Why make these bold claims if you can't back them up? Well, publishers want to sell their games, and will use every trick in the book to make it happen. But, just as importantly, developers are gamers. They want to make the game look as good as it can, run as well as it can. They're not Snidely Whiplash, cackling as they show one thing and then deliberately substituting it for another. But over the course of years, things change in development houses. Maps change. Player counts are reduced or inflated. Entire modes, characters, and mission sets are binned. You settle for standards you'd never have dreamt of at the start. There are many reasons for these shifts, but time and money are two of the key factors, as you'd expect.
There's an idea that, for certain movies, the trailer you see pre-release is representative of the film the studio wished they had actually made. In a lot of ways, the same is true for video games. E3 demos and the like represent the game the developer would ideally want to sell. What they end up with can sometimes be drastically different.

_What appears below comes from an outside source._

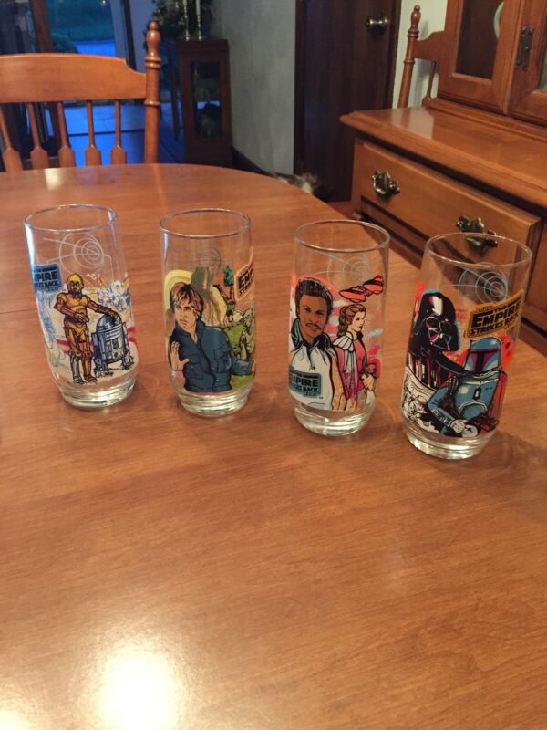 Title (ebay affiliate link): Vintage Set/4 Star Wars 1980 Burger King Coca Cola Glasses Darth/Luke/Lando/R2D2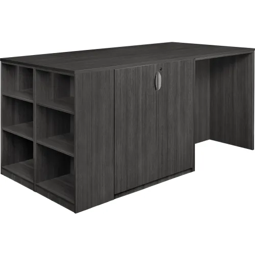 Regency Legacy Stand Up 2 Storage Cabinet/ 2 Desk Quad with Bookcase End, Ash Grey

So, why do we still want to believe? Because we literally buy into it, by tribally backing consoles, sometimes early and almost always expensively. Because graphics equals progress, for better or worse, even though we know, in the back of our minds, that's not the whole story. Bullshots and unrealistic trailers will remain a fixture of PR campaigns until the graphical arms race finishes. Why? Because everybody, from developer to consumer, wants to believe.